For the record, the measure also bans both discrimination based on English proficiency and threats to call immigration authorities “based on a discriminatory motive”. The full measure applies only to public accommodations, employment, and housing.

That said: As much as I agree with the intent of the law, the “saying ‘illegal alien’ is now punishable by a fine” part might not survive a First Amendment challenge. NYC could make a case for the phrase being discriminatory (since it is largely based on race/ethnicity). But it would need to be one hell of a case.

A Guy says:

Re: Re: Re:3 Re:

A couple decades ago (rounding) I worked for a construction company that was almost entirely staffed by illegal immigrants for about a month while taking on a temporary summer job. People were in fact underpaid for the housing industry and I was briefly fired for cutting through an electric saw cord after my supervisor disallowed me from holding the saw in such a way as to stop the cord from coming close to the saw blade. This was of course before the housing collapse.

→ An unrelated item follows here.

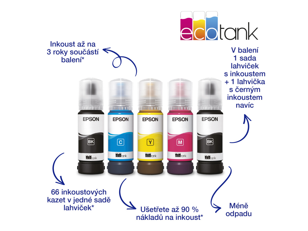 Obsah dodávky: 4 samostatné 65ml lahvičky s inkoustem (černá, azurová, žlutá a purpurová) a 1 náhradní lahvička s černým inkoustem, Hlavní zařízení, napájecí kabel, Návod k instalaci, Záruční dokument

Anyway, I briefly considered reporting the company for its hiring practices but the Mexicans (it’s not a pejorative, many of them were literally Mexican citizens and some were in various stages of green card acquisition) were nice enough and the guy who wouldn’t let me hold the saw right was a white guy. The owner changed his mind a day later but I ended up quitting after my car needed a new transmission and I was better off moving closer to the university I was attending while it was fixed.

It seems one of this laws effects is to protect the employers of illegal aliens (ooo I used the term) from being found out and prosecuted. The owner literally gave his head carpenter time off to go across the country to California to pick up his green card when it was finally issued. He had to travel across the country because that’s where the immigration people thought he was and he didn’t want to dispel the myth. (That means it was not legal to hire him and the owner knew it, but he was a good carpenter from Mexico.)

I haven’t read the text of the law but it seems designed to chill outrage at real and widespread law flouting whether I personally agree with the law or not.

A Guy says:

Re: Re: Re: Everyone is getting in the act

It’s not that big a leap. One: "illegal alien" is in the federal criminal code so they outlawed a legal term.

One of the California ballot initiative a*holes should try to get the word tax outlawed in California. That would be a pretty analogous situation to this.

Also, the right likes to use the term in their protests for real. I doubt it will survive any kind of judicial review.

A Guy says:

Re: Re: Re:2 Everyone is getting in the act

I guess a more analogous situation is outlawing gringo, yankee, or hillbilly. Only after those are introduced into the criminal code so you literally outlaw discussing the words of the law.

New York should outlaw the term yankee and gringo next for being pejoritive towards the majority of its population and see how that flies.

A Guy says:

Re: Re: Re:2 Everyone is getting in the act

Honestly, unless the criminal activity directly negatively impacts me personally or someone I know well and like I don’t care about any of it. (except murder where the victim can’t be construed as causing their own demise, intentionally causing suffering, or permanently harming children)

Anyway, I care not one bit about illegal immigration. I do not support it. I do not care if they stay or go. I do not care if its stopped. I actually have religious similarities with a lot of the source countries for the illegal immigration and love tacos/burritos/nachos ect so their culture isn’t really different enough to even cause me to be uncomfortable around them usually.

I could not tell the difference between a Canadian and a Minnesotan either. I have met both and their accents along with the rest of their mannerisms are too close for me to tell them apart. I also don’t care. Canadians and Minnesotan’s are so culturally similar that I don’t know how often they can tell each other apart.